I swear it's not a farce. It's purely coincidental that the name also matches the word that means "a ridiculous sham," according to Dictionary.com.
What is FARCE?
I've been wanting to make my own set of NFL power ratings for a while now, trying everything from a simple add-subtract-multiply formula using season stats, to a long, week-by-week breakdown. Little did I know that a simple three-letter word would make it so much easier for me.
The Elo Rating System, used mostly in chess to rate individual chess players, allows to track a player's (or in this case, a team's) progress through week-by-week wins and losses against opponents of various skill levels. The formula uses three simple sources of data: Current rating, the strength of your opponent, and whether you won or lost your last game.
Now, FARCE—which stands for Football Analysis Replicating Chess' Elo—is more complicated than that, but it still follows the basic steps of Elo.
How is FARCE calculated?
In simplest terms, and you'll need the Elo link I embedded above to follow: First, start every team at 1000. Then instead of using a one or zero for "score" (whether you won or lost), I use the Pythagorean winning percentage for that matchup, using points scored and allowed, and a 2.37 exponent.
I adjust points scored and allowed based on home field advantage before that, too. Home teams outscored their opponents by about 2.85 points per game last year, so I subtract 1.43 points from the home team and add 1.43 to the away team.
My first time trying this out, I used the same formula supplied on the Web site, with the exception of the "score." After seeing the end results, I decided to change the "expected score" numbers. Why? Because almost every team fell within 30-or-so points from each other.
Because of that, all expected scores were between .40 and .60, give or take a few, when in reality it should be higher. So the new formula for expected score is (Rating—Opp. Rating)/250 + 0.5 . I also set a maximum of one and minimum of zero for the expected score, but it's unnecessary because no expected score goes within about 0.15 of one or zero.
(One quick note: When I say "rating," I mean the rating from the week before. I change the definition of it later on, but for now when I say "rating," that's what I mean.)
(One more note: The constant stays at 30 throughout because I started all teams at only 1000.)
Understand so far? Good, because that's all there is to the formula for now. Just plug in all of the above into the formula and you're good to go.
How FARCE applies to the NFL
Because FARCE puts heavy weighting on the most recent game, using a one-week FARCE is no good in ranking teams. What's best is to average a team's weekly rating output and use that figure.
The following table shows each team's average weekly rating, their non-skewed rating (average rating without the highest and lowest weekly scores), and their opponents' average ratings, or strength of schedule.
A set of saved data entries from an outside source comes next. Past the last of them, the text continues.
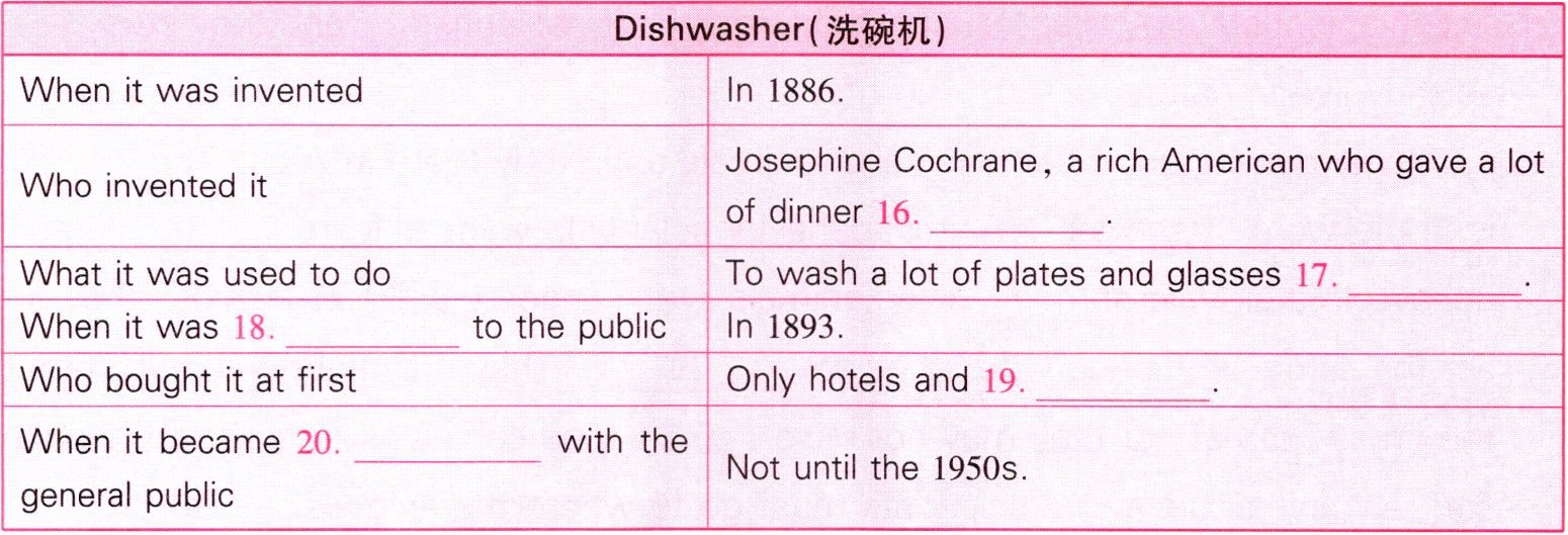 | Who invented it | Josephine Cochrane, a rich American who gave a lot of dinner 16.
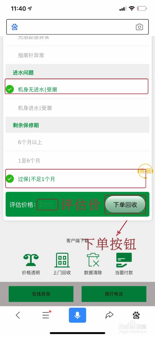 在评估页面勾选本身手机的设置装备摆设、外不雅利用以及功能环境,可以查看到本身的苹果手机估价,然后点击下单收受接管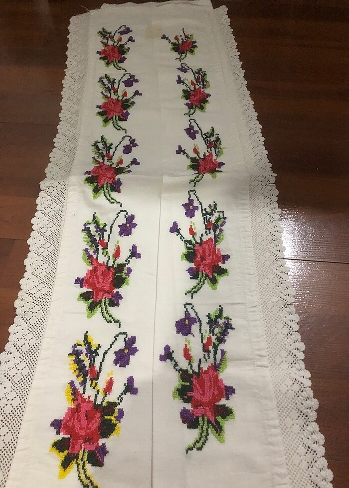 Kullanılmamış iki tarafı da tamtur işlenmiş bir yastık.İster runner yapın ister yastık olarak değerlendirin ya da nasıl ve nerede tasarruf etmek isterseniz girdiği alana şıklık ve renk katacaktır.Goblen gibi işlenmiş renkler muhteşem bir gülü nazarlık olarak düşünülüp yaprakları bir motifte sarıdır.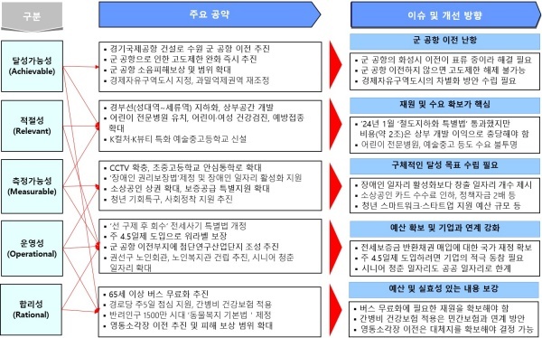 염태영 당선자가 제시한 52개 공약을 △달성가능성 △적절성 △측정가능성 △운영성 △합리성 영역 등 5개 영역으로 분석했다.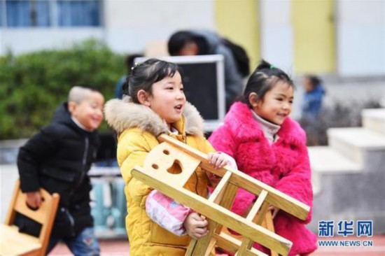重慶市石柱土家族自治縣中益鄉(xiāng)小學(xué)的同學(xué)們搬著小椅子前往操場觀看文藝表演。當日,“我的中國夢——文化進萬家”中國視協(xié)文藝志愿服務(wù)小分隊走進中益鄉(xiāng)小學(xué),為師生們帶來精彩的文藝表演(2019年12月12日攝)。新華社記者王全超 攝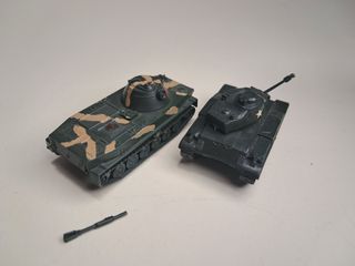 Tanques eko pt76 y m-41.El precio es por el lote de dos.El pt-76 tiene el cañon partido y una pequeña marca de pegamento en la cubierta del motor.Se vende lo que se ve en las fotos y tal y como se ve en las fotos, si necesita más fotos pidamelas, las fotos son parte de la descripción, tengo más lotes como este en mi perfil. Roco minitanks, ho,1/88,maqueta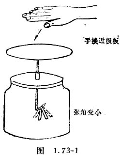 在验电器的金属杆上装一只小圆板(可以用纸板),给圆板带电,验电器的箔片张开一定的角度。然后用你的手掌去接近圆板,你会发现,箔片张角变小了,如图1.73-1。当手掌移远时,张角又变大。如何来解释这一现象呢?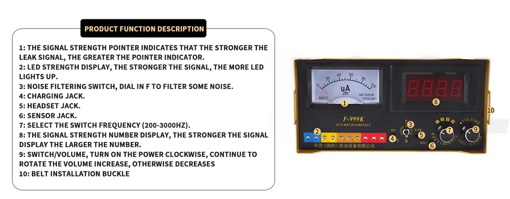 - It is an instrument used to detect the presence of leaks in various systems, containers, or pipelines. During long-term use, pipelines may experience water leakage due to aging, corrosion, physical damage, and other reasons. Using a leak detector can detect these problems in a timely manner, avoiding greater losses such as floor deformation, damage to indoor decoration, and even endangering personal safety.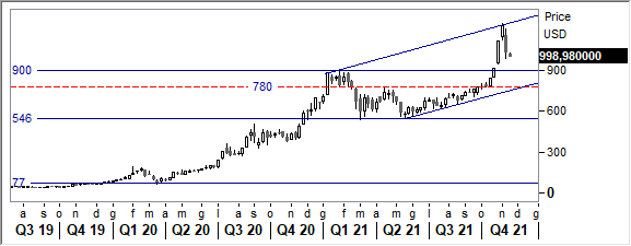 Operatività multiday. Abbiamo sfruttato gli strappi verso i top assoluti per prendere profitto in ottica di trading. Si suggerisce di rientrare in acquisto sulla debolezza in due step: il primo in area 1.000 usd, il secondo in caso di estensioni del ribasso in area 900 usd.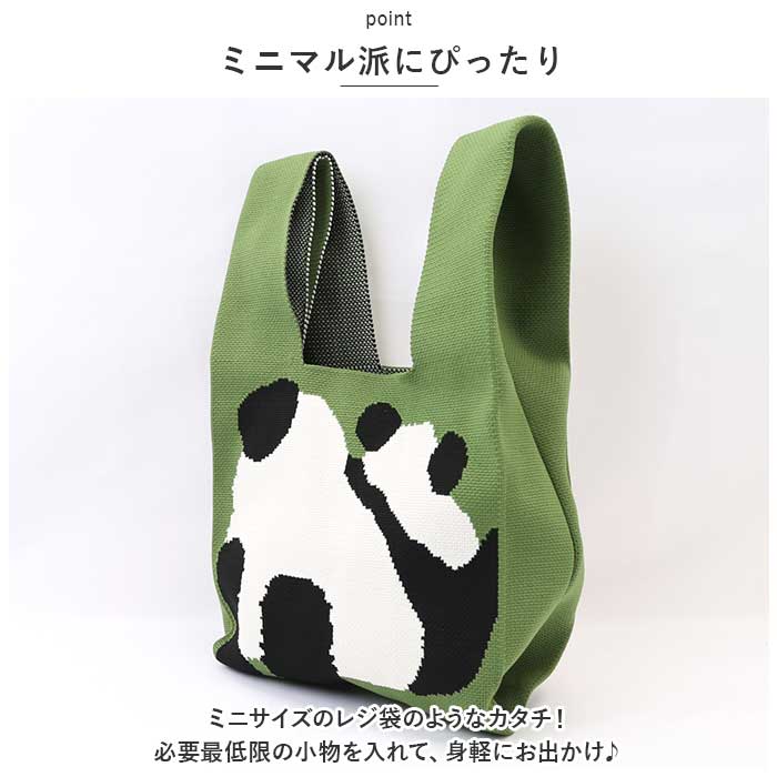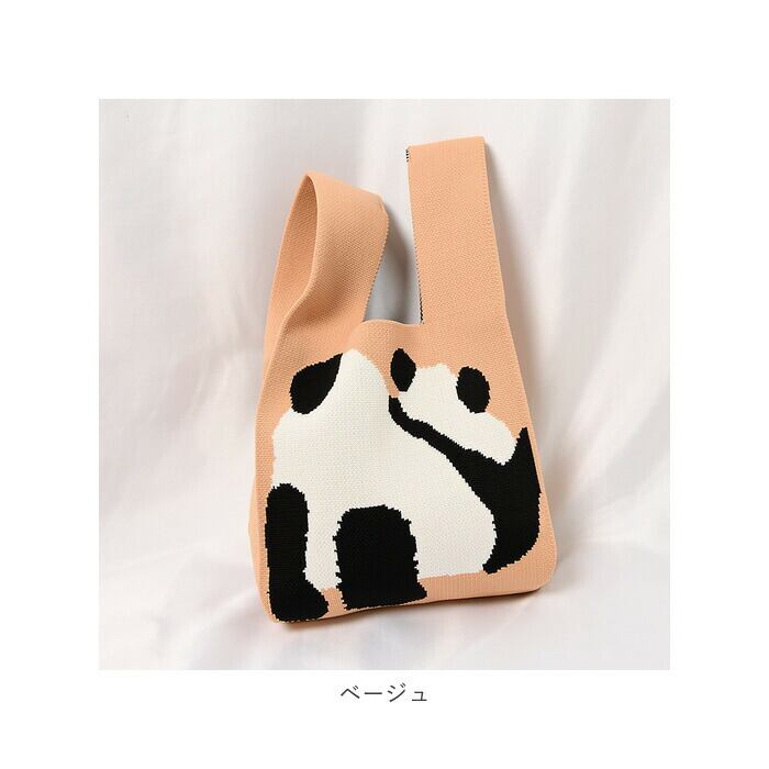トートバッグ ニット 動物 通販 ニットトート ニットバッグ ニットバック サマーニット トートバック サブバッグ サブバック 小さめ ミニ ミニバッグ トート 手提げ かわいい やわらかい 柔らかい 折りたためる 折り畳める カジュアル アニマル パンダ

|New York Giants||W||1018.9||1018.4||993.2|
|Tampa Bay Buccaneers||W||1018.3||1019.3||997.0|
|San Diego Chargers||BYE||1008.3||1008.4||1004.2|
|New England Patriots||L||1006.1||1006.2||995.2|
|Green Bay Packers||L||1005.2||1005.0||1007.1|
|New Orleans Saints||BYE||1004.2||1003.1||1001.7|
|New York Jets||W||1000.5||1000.9||992.3|
|San Francisco 49ers||BYE||986.2||987.2||995.4|
|Kansas City Chiefs||L||974.9||973.5||1008.5|
|St. Louis Rams||L||974.4||975.4||1009.0|
Why is Philadelphia so high, and why is Washington so low?
Philadelphia is high because of their schedule. In their five wins, they've outscored opponents by 16 points per game, and in their three losses—which were against the Giants, Steelers, and Cowboys, mind you—they've lost by only five points per game.
In Washington's case, they did very poorly in a four-game stretch against the Rams, Browns, Lions, and Steelers. They went 2-2 and were outscored 62-70. Needless to say, that hurt their rating substantially, both due to the fact that they barely outscored the Rams, Browns, and Lions combined, and the fact that they lost 23-6 at home—they started that stretch with a 1017 rating and ended it with a 995 rating.
How can the FARCE ratings be used to predict individual matchups?
I have done no testing on this whatsoever, but by trying out a few different methods, I think I found one that works, sort of.
Subtract 960 points from all teams' ratings.
There you go. You can then use that to find a team's winning percentage against another should they play each other by using the formula (Team Adj. Rating) / (Team Adj. Rating + Opp. Adj. Rating). For example, the Giants would have a 56.5 percent chance of beating the Packers, which seems about right.
There might be a few tweaks here and there with FARCE (primarily with the first step of finding the "score"—I was thinking of making the exponent higher, to 3 or 3.5, in order to give real benefit to the actual winner or downgrade the actual loser of a game more than there is at the moment), but overall, I like the way it looks as is.